Stored dataset items
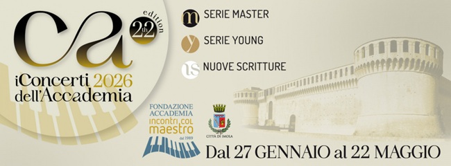 IMOLA (BO) – A partire dal 27 gennaio 2026, riparte la rassegna dei Concerti dell’Accademia, giunta alla ventiduesima edizione, realizzata dalla Fondazione Accademia Internazionale di Imola ‘Incontri con il Maestro’ in collaborazione con il Comune di Imola. È una rassegna di concerti che oltre a diffondere la musica classica si pone come occasione di dialogo tra formazione, territorio e pubblico.
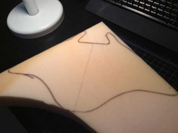 Me gusta darme una plantilla antes de cortar la espuma por dibujar formas para los frontales, laterales y parte superior de la espuma. Esto fue bastante fácil Considerando que manta rayas son bastante planas y no tienen extremidades. Para formas más complejas, a veces es una buena idea para romper en partes distintas como extremidades o colas y pin o les pegan más tarde. Si su forma es simétrica, trace una línea por el medio y ahorrarse algo de tiempo en los próximos pasos. Si está utilizando hojas de espuma o no tiene un bloque lo suficientemente grande, recomiendo usar cemento de contacto para unir varios trozos. También puede hacerlo para solucionar los errores hechos durante la fase de la escultura.
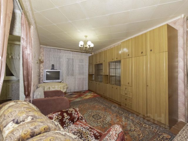 Зал: 20.4 кв. м., диван, кресла, стенка, телевизор, стол. Окно во двор, сторона света: север. Выход на застекленный балкон.
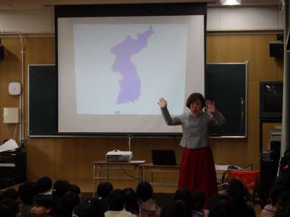1月21日(火)1年生はソンセンニムにお越しいただき韓国・朝鮮について学習しています。
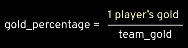 下面,我们需要一些数学演算。主要的评估因素是与团队成员相比,你的金币贡献率是多少,我们称之为“gold percentage”(金币比例),计算公式如下:
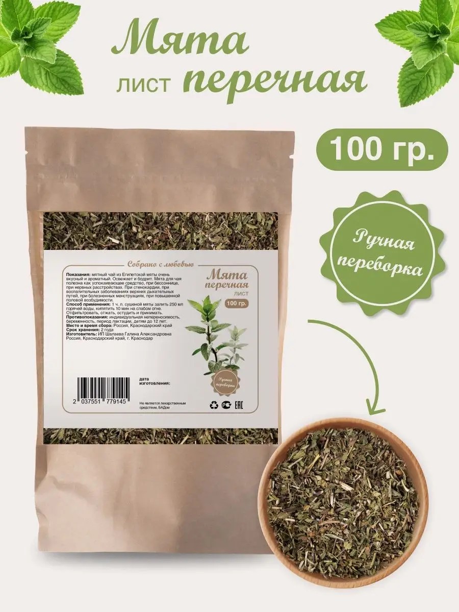 Мятный чай очень вкусный и ароматный. Освежает и бодрит. Мята перечная сушеная полезна как успокаивающее средство, при бессоннице, при нервных расстройствах. Мята лист при стенокардии, при воспалительных заболеваниях верхних дыхательных путей, при болезненных менструациях, при повышенной половой возбудимости. Способ применения: 1 ч л сушеной мяты залить 250 мл горячей воды, кипятить 10 мин на слабом огне. Отфильтровать, отжать, остудить и принимать. Противопоказания: индивидуальная непереносимость, беременность, период лактации, детям до 12 лет.
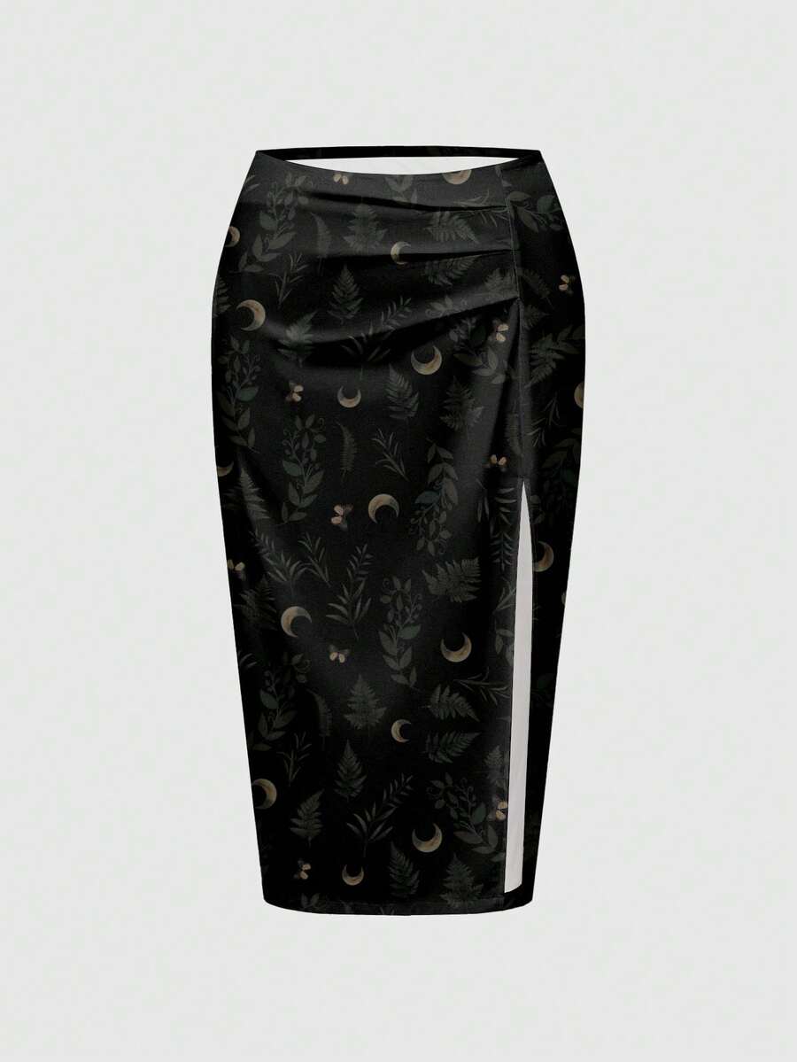 Goth تنورة طويلة بشق عالي بطراز جوثي داكن مطبوع بأوراق الشجر والشمس والقمر، مقاسات كبيرة

▶ **Task brief**: The answer must be an exact copy of the lines from the one containing "Me gusta darme" through the last line of the records, and nothing else. Pictures do not belong in it.

▶ **Output of the exercise**:
 Me gusta darme una plantilla antes de cortar la espuma por dibujar formas para los frontales, laterales y parte superior de la espuma. Esto fue bastante fácil Considerando que manta rayas son bastante planas y no tienen extremidades. Para formas más complejas, a veces es una buena idea para romper en partes distintas como extremidades o colas y pin o les pegan más tarde. Si su forma es simétrica, trace una línea por el medio y ahorrarse algo de tiempo en los próximos pasos. Si está utilizando hojas de espuma o no tiene un bloque lo suficientemente grande, recomiendo usar cemento de contacto para unir varios trozos. También puede hacerlo para solucionar los errores hechos durante la fase de la escultura.
 Зал: 20.4 кв. м., диван, кресла, стенка, телевизор, стол. Окно во двор, сторона света: север. Выход на застекленный балкон.
1月21日(火)1年生はソンセンニムにお越しいただき韓国・朝鮮について学習しています。
 下面,我们需要一些数学演算。主要的评估因素是与团队成员相比,你的金币贡献率是多少,我们称之为“gold percentage”(金币比例),计算公式如下:
 Мятный чай очень вкусный и ароматный. Освежает и бодрит. Мята перечная сушеная полезна как успокаивающее средство, при бессоннице, при нервных расстройствах. Мята лист при стенокардии, при воспалительных заболеваниях верхних дыхательных путей, при болезненных менструациях, при повышенной половой возбудимости. Способ применения: 1 ч л сушеной мяты залить 250 мл горячей воды, кипятить 10 мин на слабом огне. Отфильтровать, отжать, остудить и принимать. Противопоказания: индивидуальная непереносимость, беременность, период лактации, детям до 12 лет.
 Goth تنورة طويلة بشق عالي بطراز جوثي داكن مطبوع بأوراق الشجر والشمس والقمر، مقاسات كبيرة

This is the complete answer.